Temporal split PINC set

The ligands are spread across ten extensively studied pharmaceutically relevant targets: beta secretase 1 (BACE1), carbonic anhydrase II (CA-II), cyclin-dependent kinase 2 (CDK2), HIV protease (HIV-PR), the non-nucleoside site of HIV reverse transcriptase (HIV-RT), HSP90\(\alpha\), map kinase 14 (MAPK14), PPAR\(\gamma\), protein tyrosine phosphatase 1b (PTP1b), and thrombin (see Methods and Data for additional details). The newly curated set consists of 846 protein-ligand complexes, which was reduced from the original 949 due to elimination of duplicate ligands, removal of ligands from alternative binding sites, and automated quality control in the PDB processing procedure.

The challenge in cross-docking stems from three key issues. First, the protein binding site conformation(s) available for docking may change on binding a ligand that is different from the cognate one, especially if the new ligand is substantially different in structure. Here, because we have employed a 25%-known / 75%-future split, the ligands to be docked contain a large fraction that are very different from the prior known ligands. A second and related issue is that conformational elaboration becomes increasingly challenging, especially for template- and library-based methods, as the structural diversity of the ligands to be docked increases. Because template-based conformational search methods are fit to bound ligand structures that are known at a particular time-point, more recently disclosed molecules present difficulties. Third, binding site definition that is narrowly scoped to prior known binders can bias a docking algorithm against generating even close-to-correct poses, but excessively broadly scoped binding-sites make the search space more challenging.

Figure 4 shows the performance of Surflex-Dock on the full set of ten targets (lower right) and on the seven most representative individual targets. Plots include cumulative histograms for the top 1 (violet), 2 (green), 5 (cyan), and 10 (goldenrod) pose families. The procedure made use of the prior known early ligands during the pose generation process as well as for constructing pose families. Figure 1 shows the full top-scoring pose family for 2XNB-Y8L (lower left). Figure 4 shows the top 20 poses from that pose family. Note that there is some left-to-right variation at the hinge-binding area, with greater heterogeneity seen as the piperazine extends into the solvent (left side). Qualitatively, this type of variation is common across the different targets, with strong protein-ligand interactions (e.g. well-buried polar contacts) exhibiting low variability within pose families and higher variability as ligands extend toward solvent.

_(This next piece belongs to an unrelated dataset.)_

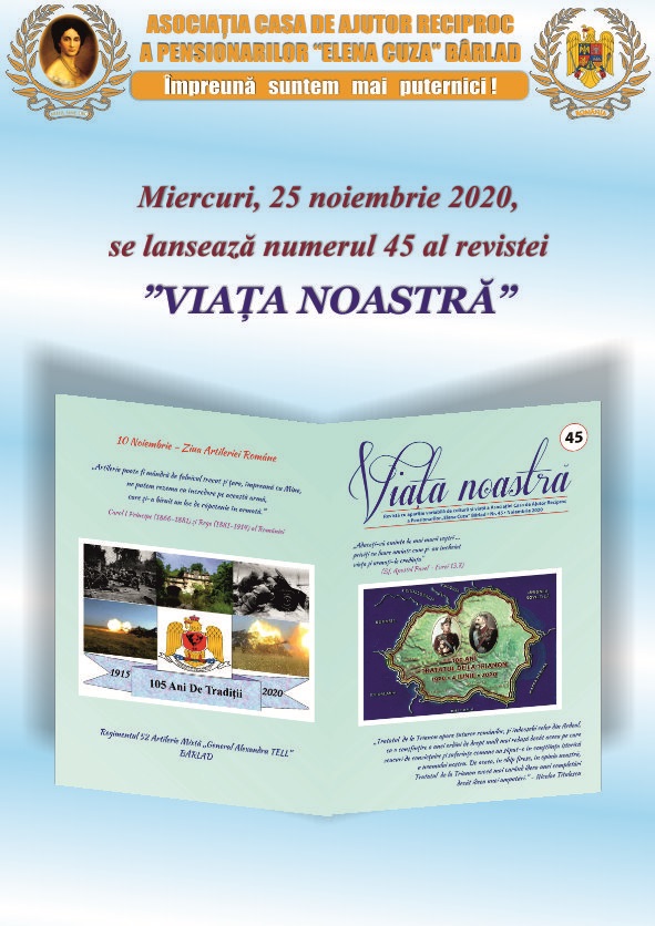 Miercuri, 25 noiembrie 2020, s-a lansat nr. 45 al revistei „Viața Noastră”, un număr cu nu conținut bogat din domenii ca: istorie, literatură, religie, pictură, muzică, medicină, gastronomie etc. Revista se poate procura de la sediul Asociației Casa de Ajutor Reciproc a Pensionarilor „Elena Cuza” din Bârlad. Vă dorim lectură plăcută!

The cumulative histograms reflect the minimum automorph-corrected RMSD value for the full set of poses in each of the top N families to the PDB reference structure (note that alternative performance metrics will be discussed below). For the single top-scoring pose family, performance over the entire set at the 2.0 Å RMSD threshold was roughly 66%, generally varying between 60–75%. For the top 2 pose families (red circles in Fig. 4), overall performance was nearly 80%, varying between 75–90%. Performance increased for the top 5 families and less so for the top 10. Note that for HIVRT, the Top 5 and Top 10 were identical and thus appear as the same line.

As mentioned above, one of the new approaches in Surflex-Dock is to make use of the ForceGen conformational search procedure prior to docking. To test if the conformational search beginning from randomized input conformers was adequate, the RMSD of the best pose from the ForceGen conformer ensembles relative to the respective crystallographic pose was determined for each of the 846 future ligands. Figure 4 (lower right, dashed red curve) shows the cumulative histogram of these RMSD values. Overall, 80% of ligands have matches to the crystallographic pose at the 1.0 Å threshold and 99% at the 2.0 Å threshold. Clearly, conformational search was not a limitation on docking performance. In the vast majority of cases, numerous conformations were present in the input ensembles to docking that were close to the experimentally observed, offering many “shots-on-goal” for alignment and further conformational refinement.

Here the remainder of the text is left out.